COVID-provisions increase

QBE expanded its provision for COVID-19 losses by $US185 million in January after suffering another defeat in the UK courts over whether insurers are liable to pay out business interruption claims to policyholders impacted by COVID-19 lockdowns.

QBE is headquartered in Sydney but has global operations that span the UK, America, Europe, Asia and Bermuda.

The insurer is bracing for at least $US785 million in total business interruption claims, but said the exposure in Australia remains uncertain, pending further legal action.

The Australian insurance industry lost a pivotal case in the NSW Supreme Court of Appeals last November, with five judges unanimously siding with policyholders in determining insurers were liable to pay business interruption claims to cover losses related to COVID-19. The insurance industry has appealed this decision to the High Court but Mr Pryce said legal action could continue for years to come.
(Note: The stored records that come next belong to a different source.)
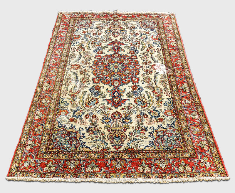 TAPPETO PERSIANO - PERSIAN RUG fondo beige, campo a motivo floreale nei toni...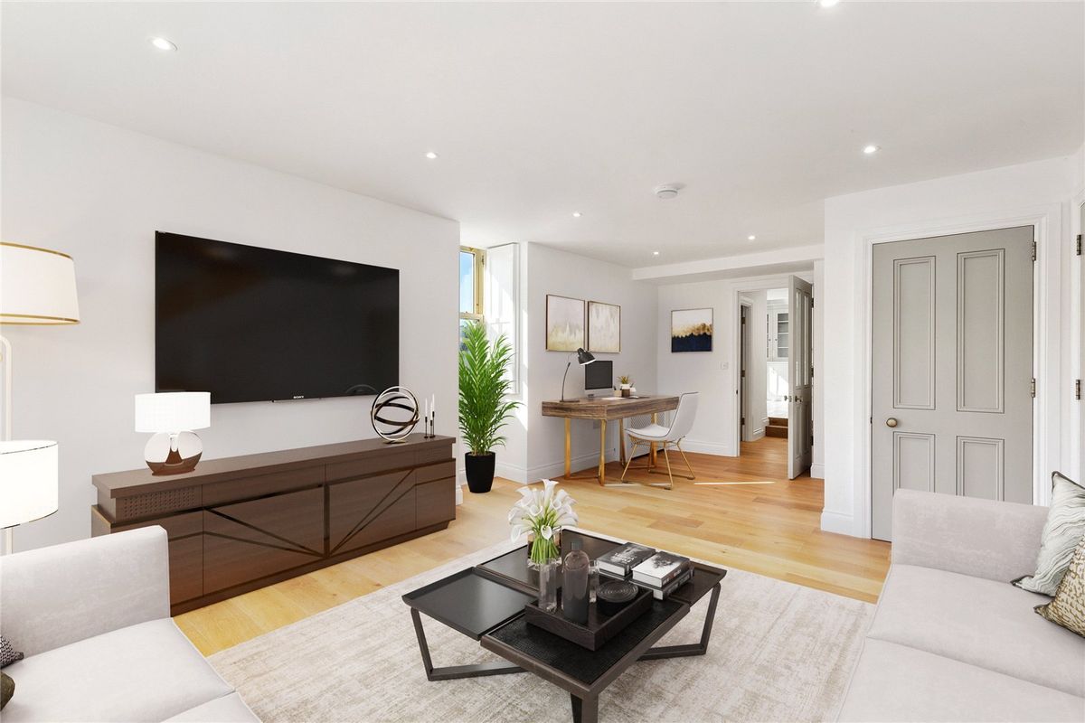Behind its elegant façade lies a beautifully restored period home, where original sash windows with shutters, herringbone flooring, and high-end internal joinery are complemented by modern comforts including a chef’s kitchen with quartz worktops, Smeg appliances, and a walk-in pantry. The light-filled reception rooms enjoy river views and feature an inset stove, creating a warm and inviting atmosphere.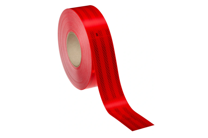 - La pellicola riflettente rossa 3M (5,5 cm x 50 m) è un nastro autoadesivo per la marcatura di camion e rimorchi. Realizzata in pellicola microprismatica, offre elevata visibilità e durata, migliorando la sicurezza stradale in tutte le condizioni.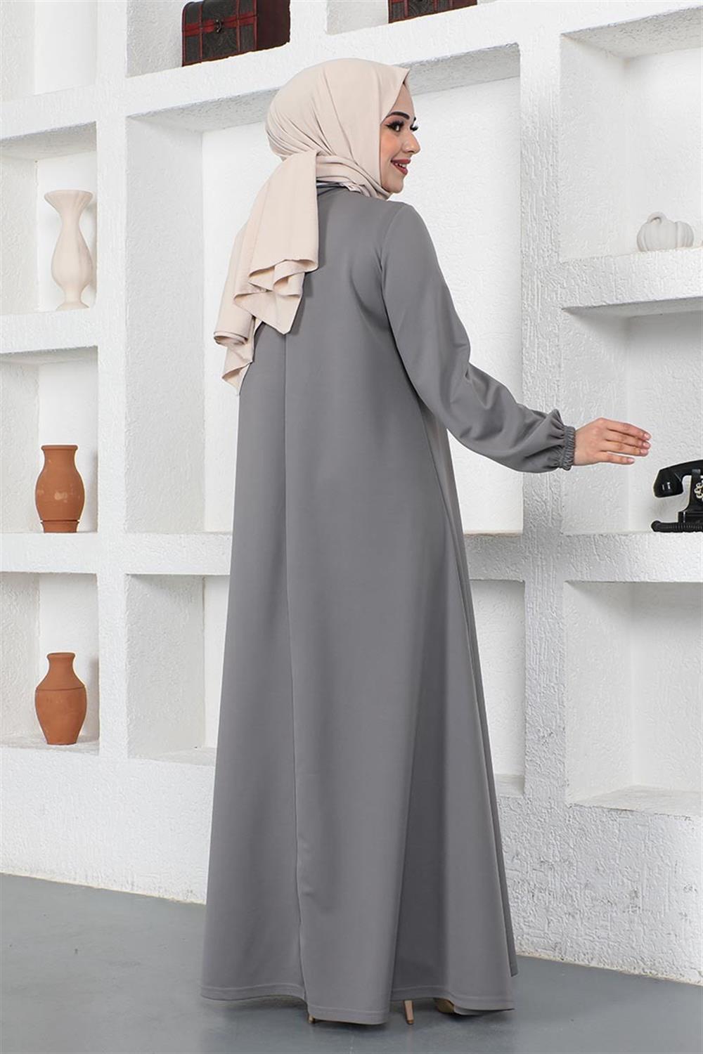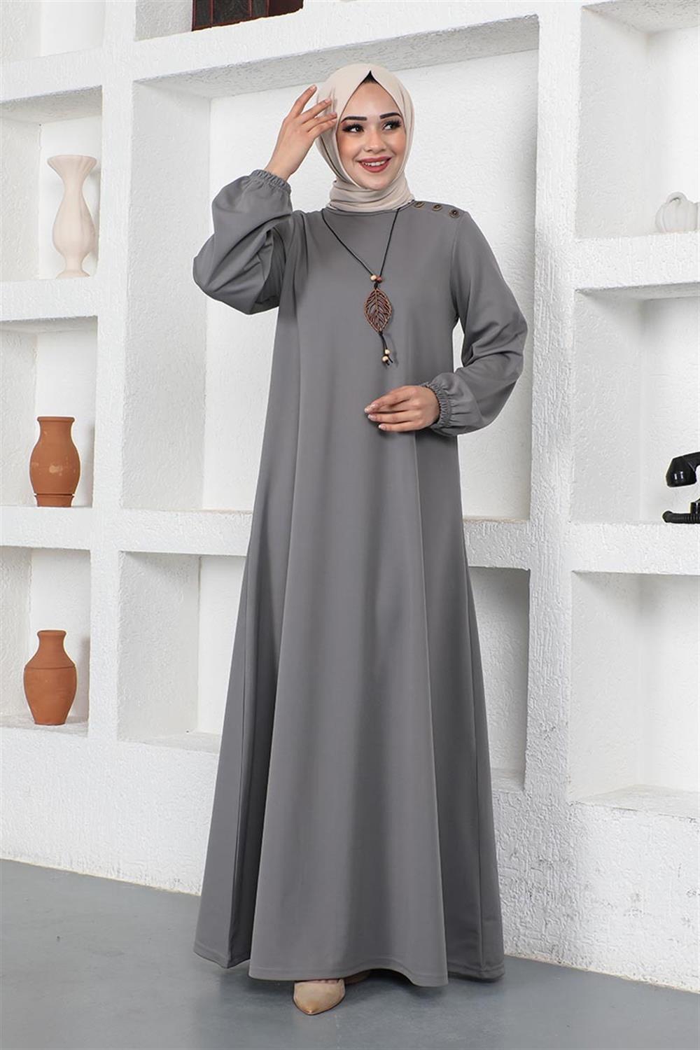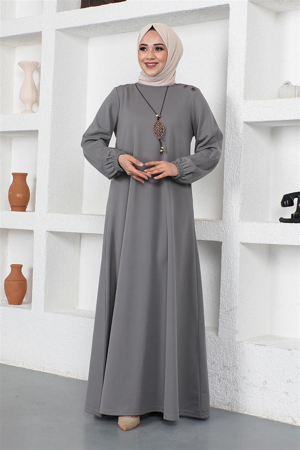 Kolyeli Bisiklet Yaka Tesettür Elbise GRİ

“Regardless of the outcome of the application and any ensuing appeal, there will be further test cases to resolve legal issues around interpretation of common business interruption policy wordings and those cases will take some time to be heard and even longer for the rulings to be handed down,” he said. “The time frame could easily extend towards the end of 2021 and beyond.”

QBE’s net investment return in 2020 was 0.9 per cent, compared to 3.9 per cent from the prior year, with closing funds under management sitting at $US27.7 billion. Mr Pryce said the low investment return was caused by “obvious reasons” but the group benefited from an up-tick in markets in the second half of the financial year.
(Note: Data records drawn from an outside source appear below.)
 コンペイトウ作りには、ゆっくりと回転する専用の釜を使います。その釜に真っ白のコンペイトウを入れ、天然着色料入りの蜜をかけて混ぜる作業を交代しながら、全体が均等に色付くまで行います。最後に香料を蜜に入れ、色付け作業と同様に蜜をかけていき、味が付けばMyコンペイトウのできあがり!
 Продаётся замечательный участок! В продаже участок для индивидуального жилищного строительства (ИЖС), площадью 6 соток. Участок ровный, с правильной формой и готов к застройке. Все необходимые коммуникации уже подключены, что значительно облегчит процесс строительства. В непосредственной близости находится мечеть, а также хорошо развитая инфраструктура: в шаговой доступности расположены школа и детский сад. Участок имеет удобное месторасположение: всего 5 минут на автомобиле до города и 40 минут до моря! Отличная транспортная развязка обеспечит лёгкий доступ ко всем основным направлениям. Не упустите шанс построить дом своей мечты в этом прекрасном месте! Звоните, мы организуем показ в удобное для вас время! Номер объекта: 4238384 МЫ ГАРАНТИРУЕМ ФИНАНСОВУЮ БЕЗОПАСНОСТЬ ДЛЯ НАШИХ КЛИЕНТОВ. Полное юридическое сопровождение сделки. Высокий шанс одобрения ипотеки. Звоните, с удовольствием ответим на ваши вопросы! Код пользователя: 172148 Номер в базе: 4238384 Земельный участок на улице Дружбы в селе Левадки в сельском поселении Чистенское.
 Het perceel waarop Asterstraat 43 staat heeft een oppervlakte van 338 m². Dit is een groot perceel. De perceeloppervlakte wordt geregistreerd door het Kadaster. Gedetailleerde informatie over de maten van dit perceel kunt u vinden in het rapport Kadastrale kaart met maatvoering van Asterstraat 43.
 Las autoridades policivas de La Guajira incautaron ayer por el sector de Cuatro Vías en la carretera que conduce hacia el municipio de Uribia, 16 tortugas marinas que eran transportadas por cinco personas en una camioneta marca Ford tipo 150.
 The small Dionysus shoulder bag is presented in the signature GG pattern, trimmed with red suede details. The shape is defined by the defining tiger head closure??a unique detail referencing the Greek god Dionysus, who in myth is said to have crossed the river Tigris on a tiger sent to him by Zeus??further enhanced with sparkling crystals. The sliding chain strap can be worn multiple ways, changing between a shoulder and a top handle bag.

QBE’s board elected not to pay a final dividend in light of the substantial losses, but said an interim dividend would be paid if “economic conditions did not deteriorate materially”.

In some positive news for the business, QBE clawed back margins by hiking premiums across all regions for an average rate increase of 9.8 per cent.

QBE shareholder and Atlas Funds Management chief investment officer Hugh Dive welcomed the premium rises, saying they would not impact volumes because insurance was a non-discretionary item for many commercial businesses.

“If you own an office tower, you have no choice. You have to get building insurance,” he said.

QBE’s shares closed the session 3.1 per cent higher at $8.99 per share and Citi analyst Nigel Pittaway said the group’s expense targets and pricing momentum “should be enough to support the stock”.